Thursday, August 15, 2013

Brain-Eating Amoeba Not Found In Drinking Water?

Health Department Releases Additional Information On Deadly Disease

LABELLE, FL. -- The Florida Department of Health in Hendry and Glades Counties today made additional comments about Naegleria fowleri, commonly called "brain-eating amoeba".

The latest victim of the disease is 12-year old Zachary Reyna, a LaBelle Middle School student. He lives with his parents, Jessie Reyna Jr. and Betsy Villareal on four acres in the Port LaBelle Ranchettes section of Glades County, Florida where it is believed he most likely was infected when water entered his nose as he played in a drainage ditch near his home.
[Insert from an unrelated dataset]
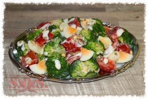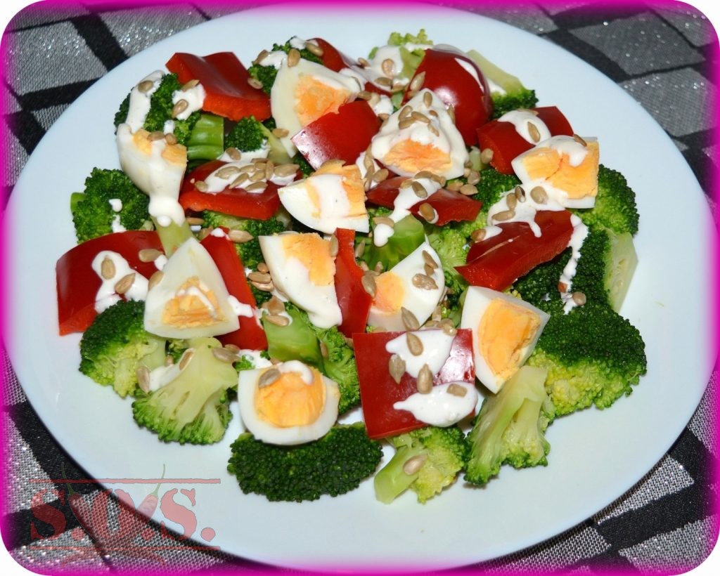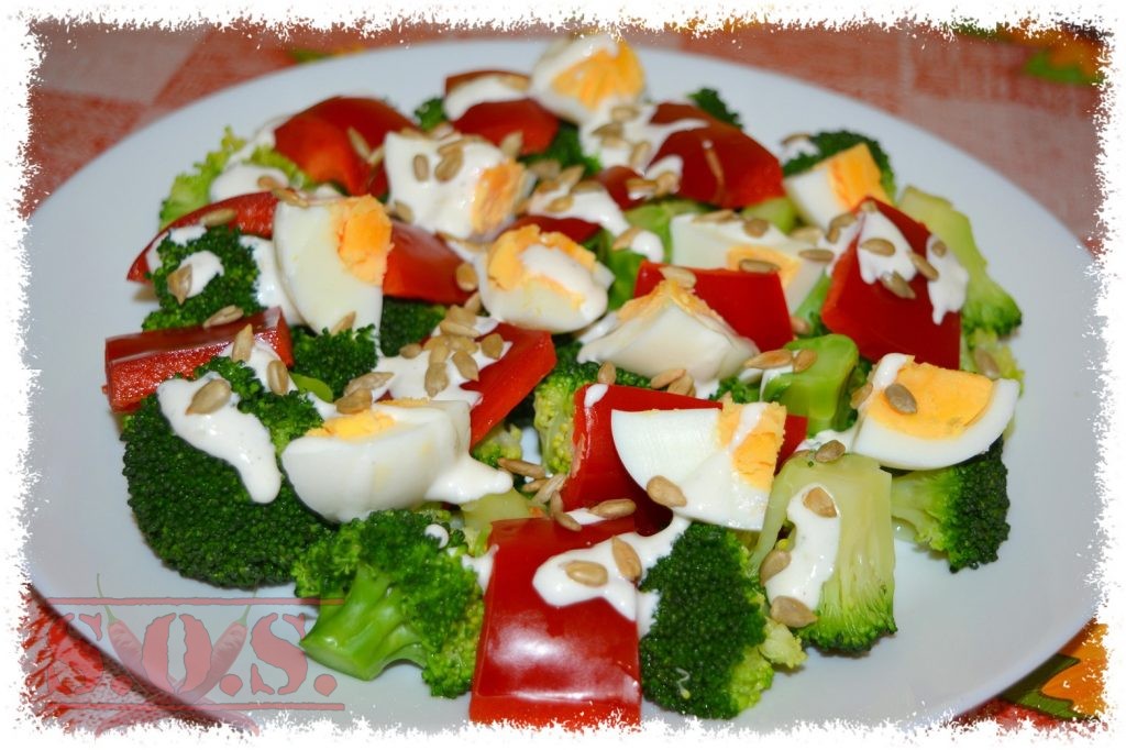 Brokuł, jajko na twardo, papryka i ziarna słonecznika – z tych prostych składników powstała sałatka dla gości, a raczej sąsiadów, którzy wpadli do nas na kawę i… coś mocniejszego🙂 Przekąska spisała się świetnie! Znikła ze stołu raz dwa🙂 Sąsiadka nawet wspomniała, że robi podobną sałatkę, tylko z pomidorem zamiast papryki. Przepis na sałatkę pochodzi od DiamondAngelTV (filmik). Jest smaczna i ładnie wygląda – świetna, nie tylko na wizytę gości, ale też na lekką kolację, przekąskę lub imprezę.

Zachary Reyna is getting treatment with an experimental drug from Germany at the Children's Hospital in Miami, after receiving permission from the CDC for use of the drug.
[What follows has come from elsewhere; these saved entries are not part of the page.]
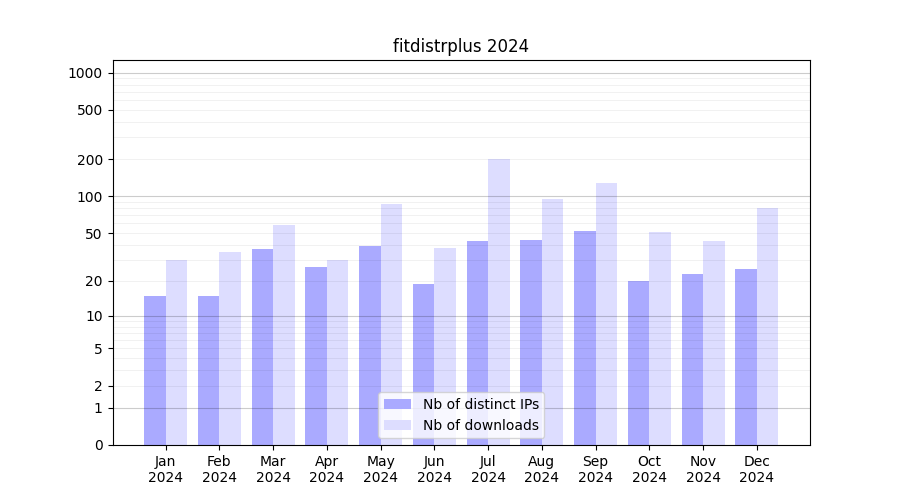Number of downloads for experiment package fitdistrplus, year by year, from 2025 back to 2014 (years with no downloads are omitted):
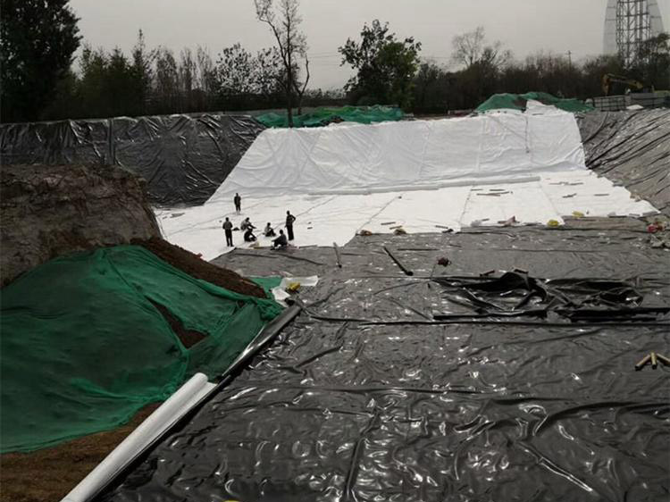 1、應從底部向高位延伸,不要拉得太緊,應留有1.50%的余幅,以備局部下沉拉伸??紤]到本工程的實際情況,邊坡采取從上到下的鋪設順序;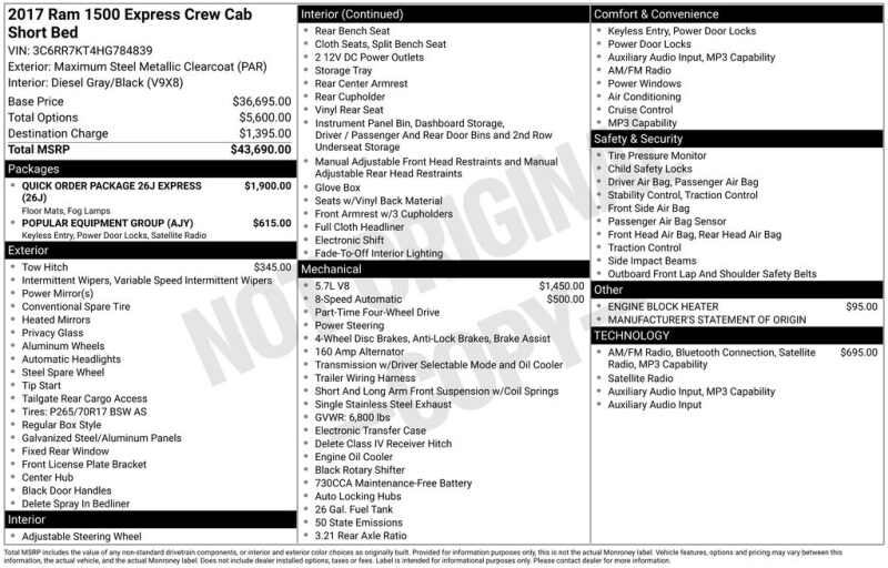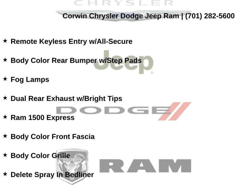 This Ram 1500 is well equipped and includes these key features and benefits, Touchscreen Controls, Backup Camera, Automatic Headlights, Bluetooth Handsfree, AWD / 4x4 / Four Wheel, 17 x 7 Aluminum Wheels, Body Color Front Fascia, Body Color Grille, Body Color Rear Bumper w/Step Pads, Carpet Floor Covering, Center Hub, Cloth 40/20/40 Bench Seat, Delete Class IV Receiver Hitch, Delete Spray In Bedliner, Dual Rear Exhaust w/Bright Tips, Fog Lamps, Front & Rear Floor Mats, Popular Equipment Group, Quick Order Package 26J Express, Ram 1500 Express, Remote Keyless Entry w/All-Secure, SIRIUSXM Satellite Radio.
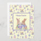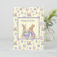 Flat Easter Card with sweet watercolor bunnies and their easter egg. Along with easter basket and flowers.

Fund raising efforts, including two morning prayer meetings, t-shirt sales, and a bank account for donations have raised several thousands of dollars for the family. A dinner benefit is scheduled at Barron Park in LaBelle on Saturday.
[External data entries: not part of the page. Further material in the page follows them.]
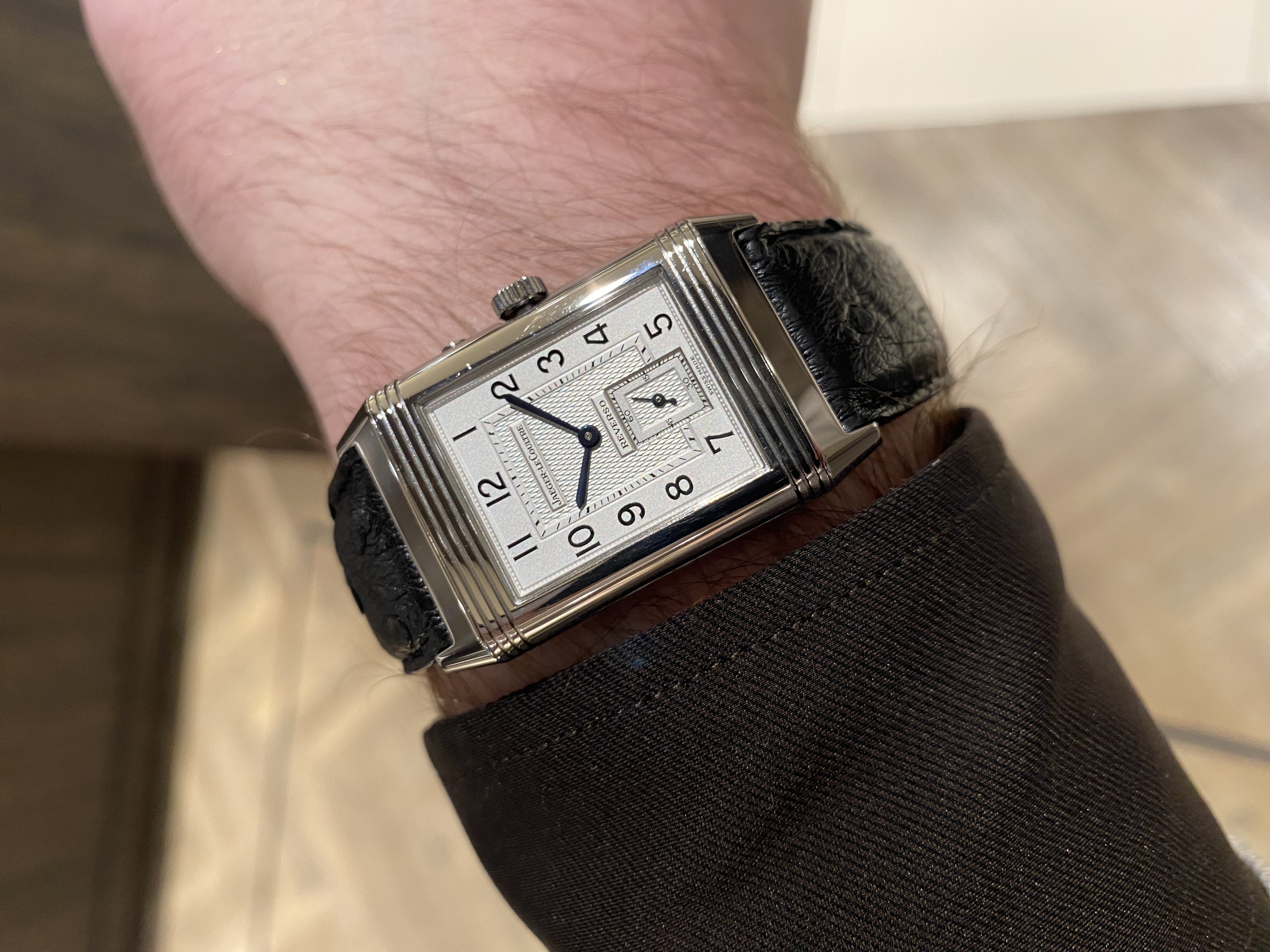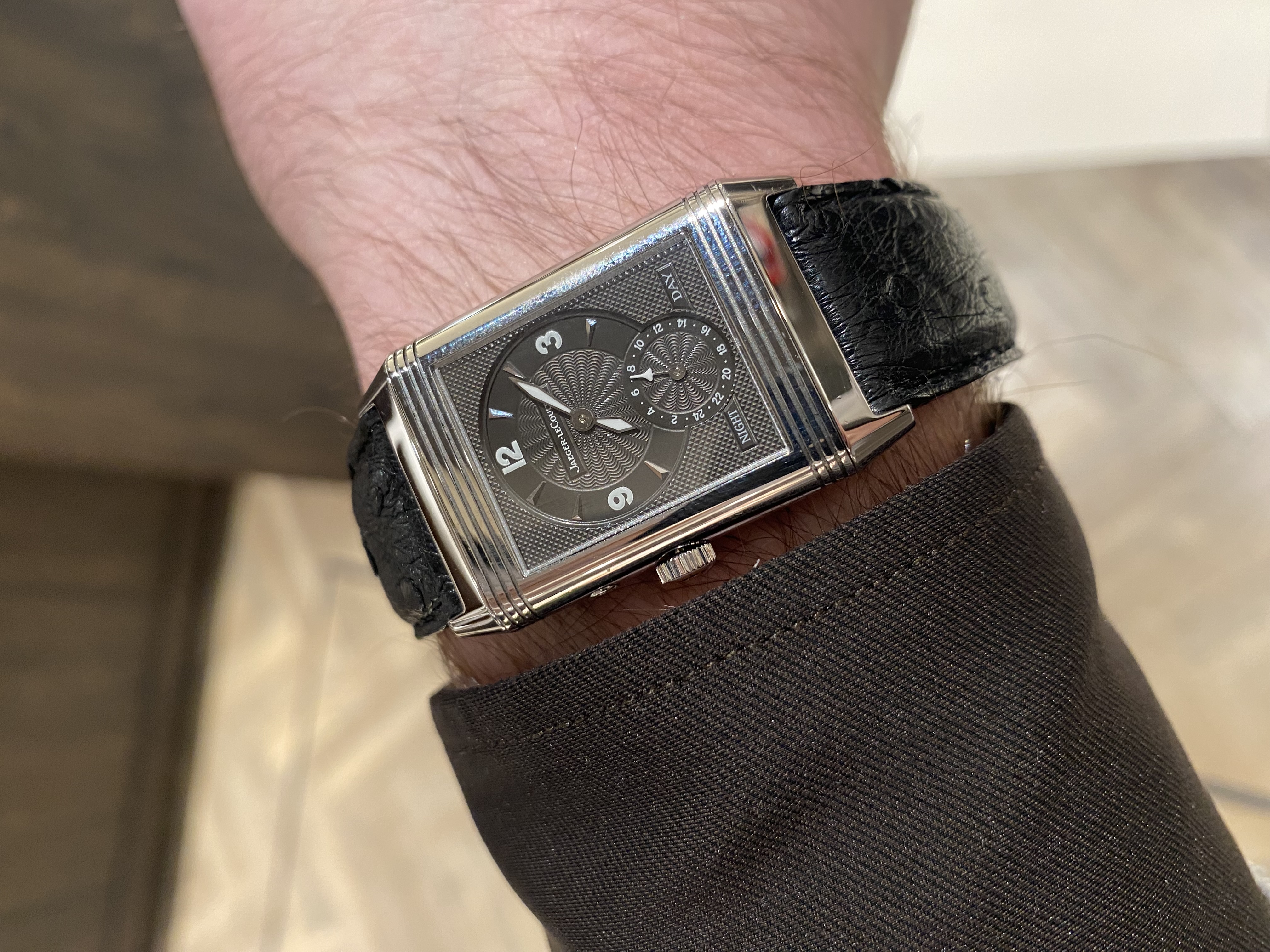Dit specifieke model is de Dual Time. U heeft aan de ene kant de wijzerplaat van de klassieke Reverso. Als u het horloge omdraait heeft u een tweede horloge. De tweede wijzerplaat van de tweede tijdzone.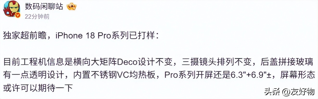 据博主@数码闲聊站 爆料:“iPhone 18 Pro系列手机已经开始打样,目前工程机在大体设计上保持不变,维持横向大矩阵后置镜头模组,三摄镜头排列也与iPhone17 Pro系列一样,后盖拼接玻璃有一点透明设计,内置不锈钢VC均热板,Pro系列开屏还是6.3"、6.9"左右,屏幕形态或许可以期待一下”。
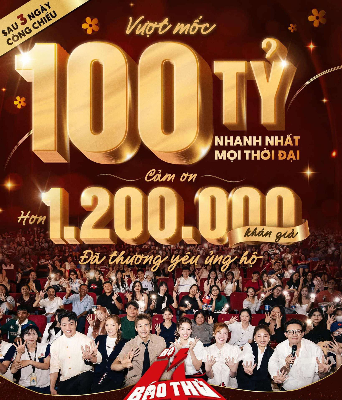 Trước đó, trưa 1/2, đạo diễn Trấn Thành thông báo "tin vui" trên fanpage: Bộ Tứ Báo Thủ tiếp tục "vượt mặt" thành tích của Mai, trở thành phim điện ảnh Việt cán mốc 100 tỷ nhanh nhất mọi thời đại. "Thật sự nhìn con số kỷ lục chính tôi cũng bất ngờ. Cảm ơn quý vị đã yêu thương" - Trấn Thành chia sẻ.
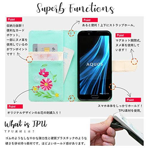 トレンドエスエスエス スマホケース [互換:XPERIA 5 III SO-53B SOG05 A103SO 対応] 手帳型 ケース カバー 手帳型ケース ちょいヌメ花刺繍 ミント

Mr. Reyna and Betsy Villareal own J.R. Harvesting, Inc. and Mr. Reyna is an officer in Caloosa Cats, Inc. and Hooked Deals & Apparel, Inc. Between the two, they also own four homes in the LaBelle area.

Initial symptoms of PAM usually start within 1 to 7 days after infection. The initial symptoms may include headache, fever, nausea, or vomiting. Other symptoms can include stiff neck, confusion, loss of balance, seizures, and hallucinations. After the start of symptoms, the disease progresses rapidly.

The longest survival time for any victim has been 12 days, with most dying within a few days to a week. Reyna is now believed to be in the 12th day with the usually fatal brain infection

Naegleria fowleri is a microscopic amoeba which is a single-celled living organism. It can cause a rare and devastating infection of the brain called primary amebic meningoencephalitis (PAM). Infections are rare, but can happen when contaminated water enters the body through the nose. 

Once the amoeba enters the nose, it travels to the brain where it causes PAM (which destroys brain tissue). Infections usually occur when it is hot for prolonged periods of time, which results in higher water temperatures and lower water levels. The peak season for this amoeba is July, August and September.

The exact water source of exposure cannot be exactly identified because the amoeba occurs naturally in warm freshwater sources such as rivers, lakes, ponds, canals, and ditches. Because the amoeba is found in most freshwater sources, and because of the inconsistency in test results, the CDC does not recommend specific testing of freshwater sources. 

For informational research, the CDC does collect information such as water temperatures, water depths, water clarity and air temperatures in the surrounding areas of where a case has been confirmed. The low number of infections makes it difficult to know why a few people have been infected compared to the millions of other people that used the same or similar waters across the U.S.

There have  been local news reports questioning exposure risks from water sprinklers. According to the CDC, there are no reports of infections from this route of exposure in the US and it would be very unlikely that this activity could lead to infection. If the sprinklers are using canal water, that would be a slightly higher risk but still very unlikely since people would not generally force that water up their nose.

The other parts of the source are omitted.